The training was run on 8 GPU servers (AWS p2.8xlarge instances) using the Keras library in Python with the Tensorflow backend for multiple days for each of the models.
End-To-End Performance On Member ID Extraction
Below we describe the effect of various components of the MemberID extraction pipeline on the end-to-end accuracy and compare the system’s accuracy to that of our users. Our goal was to achieve similar or improved accuracy relative to our users – which was at around 82% on our test dataset (by this we mean, patients only correctly entered their MemberID 82% of the time). We started by using just the Base CNN model that predicted a single MemberID bounding box hypothesis location, and used Tesseract as the OCR engine to read the text in the image within the bounding box. This gave us a 42% end-to-end accuracy – which was a good start but not satisfactory (given what state-of-the-art image recognitions systems can achieve). We noticed that slight alignment errors that were very easy for a human to see were causing Tesseract to fail, so we added a second stage to align the approximate prediction of the first stage more accurately with the MemberID text. This boosted the accuracy to 69%. Finally, we added the attention layer and the in-house OCR model and jointly trained it with the alignment model. We also added multiple-hypothesis prediction to the system to improve accuracy on certain insurance card types with multiple occurrences of the MemberID which put us at an accuracy level of 86%, comparable to the user accuracy on our test set. At this stage, we decided to start testing the model in production while we continue to improve the performance over time.

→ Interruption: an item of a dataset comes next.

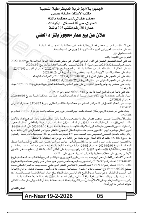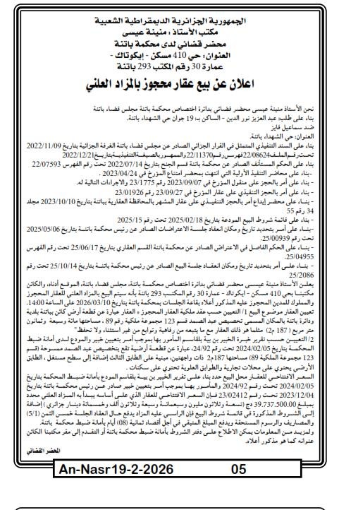 Il sera procédé à la vente au plus offrant et dernier enchérisseur le :

|Base Model (single hypothesis) → Tesseract||42%|
|Base Model → Alignment Model → Tesseract||69%|
|Base Model (multi hypothesis) → Alignment Model + Attention + OCR Model||86%|
The speed at which we can develop deep learning solutions to new problems has tremendously accelerated over the years. We were able to develop a proof of concept (and justify the effort) very quickly, with the availability of cloud-based GPU servers, pre-trained models, and open sourced architectures and code. We quickly learned though that getting to a quality that is appropriate for a production level personal health application required a little more ingenuity and trial and error than just simply stringing together open sourced components. This wasn’t surprising to us, given the known complexity of both insurance cards and images taken without forcing formatting constraints. We’re very happy with where we are now, and excited that with more data, the system will literally have superhuman accuracy.
Our model is now in production on the Zocdoc app and mobile web and is helping our patients search for care while improving the accuracy of the resulting recommendations. This is the first ever deep learning based product for Zocdoc, and represents our philosophy of bringing innovation to the patient healthcare experience.
About the author
Akash Kushal is an engineer at Zocdoc in the Piña Caliente team and enjoys building machine learning systems and flying fixed wing aircraft.